Mance Warner is an American professional wrestler currently performing for Major League Wrestling. He has previously competed in Combat Zone Wrestling where he is a former CZW World Heavyweight Champion and with IWA Mid-South where he has held both IWA Mid-South Heavyweight Championship and Tag Team championship. Warner is also a former AAW Heavyweight Champion, with his run being the longest in company history.

Professional wrestling career

Early career
Warner debuted in professional wrestling in 2015, at age 25. He trained under Billy Roc, a former pupil of Dory Funk Jr. and initially wrestled notably for Georgia's Atlanta Wrestling Entertainment and Indiana's SmashMouth Pro Wrestling (SPW).

Independent circuit (2016–2018)
The following year he began touring throughout the Midwest and worked with promotions including Ohio's Rockstar Pro, Indiana's Pro Wrestling King and EMERGE Wrestling, and West Virginia's Vicious Outcast Wrestling. He first gained national notoriety that same year as part of IWA Mid South.

He captured his first major independent championship in 2017 by winning the IWA Mid-South Tag Team Championship with partner Zodiak and soon thereafter began wrestling for promotions such as Absolute Intense Wrestling, Black Label Pro, and Combat Zone Wrestling. Throughout 2018 he competed regularly for CZW and AIW as well as IWA Mid-South (capturing the promotion's tag team titles for a second time) All American Wrestling, Freelance Wrestling and Glory Pro. Throughout this time he faced wrestlers including Matt Riddle, Michael Elgin and Jimmy Jacobs. At the close of 2018 he recorded the biggest 'win' of his career, defeating Rickey Shane Page for the CZW World Heavyweight Championship at CZW Cage of Death XX.

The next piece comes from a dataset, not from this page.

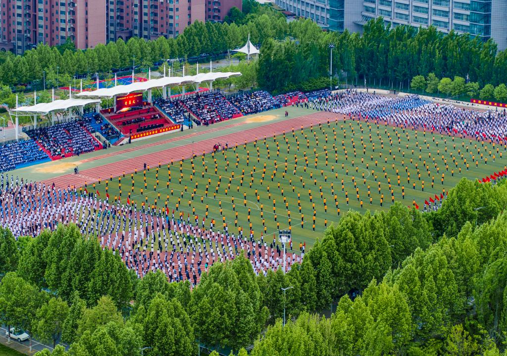 开幕式上,来自中华优秀传统文化传承基地八段锦社团的学生与千余名运动员代表共同带来了精彩的八段锦表演,大家步调一致,整齐划一,舒展大方,张弛有度,场面极为壮观,赢得了观众阵阵掌声。

Major League Wrestling (2019–2021)
In 2019, Warner made his national television debut by signing with Major League Wrestling. His debut match was against Jimmy Yuta. On March 2, 2019 at MLW's Intimidation Games, he competed against Mexican legend LA Park. At MLW Saturday Night SuperFight he defeated Jimmy Havoc and Bestia 666 in a "Stairway to Hell" match in which a bale of barbed wire was suspended above the ring. Mance Warner was released by MLW in October 2021.

Return to Independent circuit 
On July 31, 2022, members of the Game Changer Wrestling roster invaded the Bunkhouse Battle Royal during the pre-show of Ric Flair's Last Match. He won the Bunkhouse Battle Royal by last eliminating Bully Ray.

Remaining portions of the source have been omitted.